The Misi shoot leaned into energy, dynamism, and narrative tension. Where the Iha series asked for stillness, this direction called for moment — the in-between, the gesture caught mid-thought.
Wardrobe, location, and compositional framing were chosen to amplify Misi's distinct character. The images read as stills from a story you want to see the rest of.
For Sanjana, the core directorial question was: what does light do to a person's story? The shoot explored how shadow, angle, and quality of light can shift a subject's emotional register entirely — from soft and approachable to enigmatic and architectural.
The compositional language is deliberate and unhurried — frames that reward a second look. Sanjana was directed to inhabit the light rather than pose within it.
Stome is a clothing brand with a distinctive aesthetic — moody, tactile, and quietly industrial. The brief called for a visual language that could hold the garments at the center without losing the brand's dark-romantic atmosphere.

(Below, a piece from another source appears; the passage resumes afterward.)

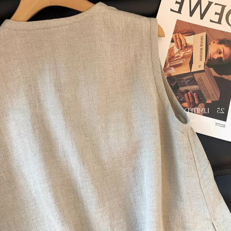 Laqian Style Embroidered V-neck Linen Vest Women's Summer High-end Versatile Loose Slimming Sleeveless Top

The shoot built a complete brand world: considered styling, deliberate locations, and a tonal palette drawn directly from Stome's material sensibility. Every frame was designed to function independently as a campaign image while cohering as a system.
Every subject carries a world inside them. My job as a director is to find the frame that lets that world breathe.
Across these four shoots, the common thread is intentionality — every directorial decision, from light source to spatial arrangement, was made in service of the subject. Creative direction is not about imposing a vision; it is about creating the conditions under which someone's authentic presence can become an image.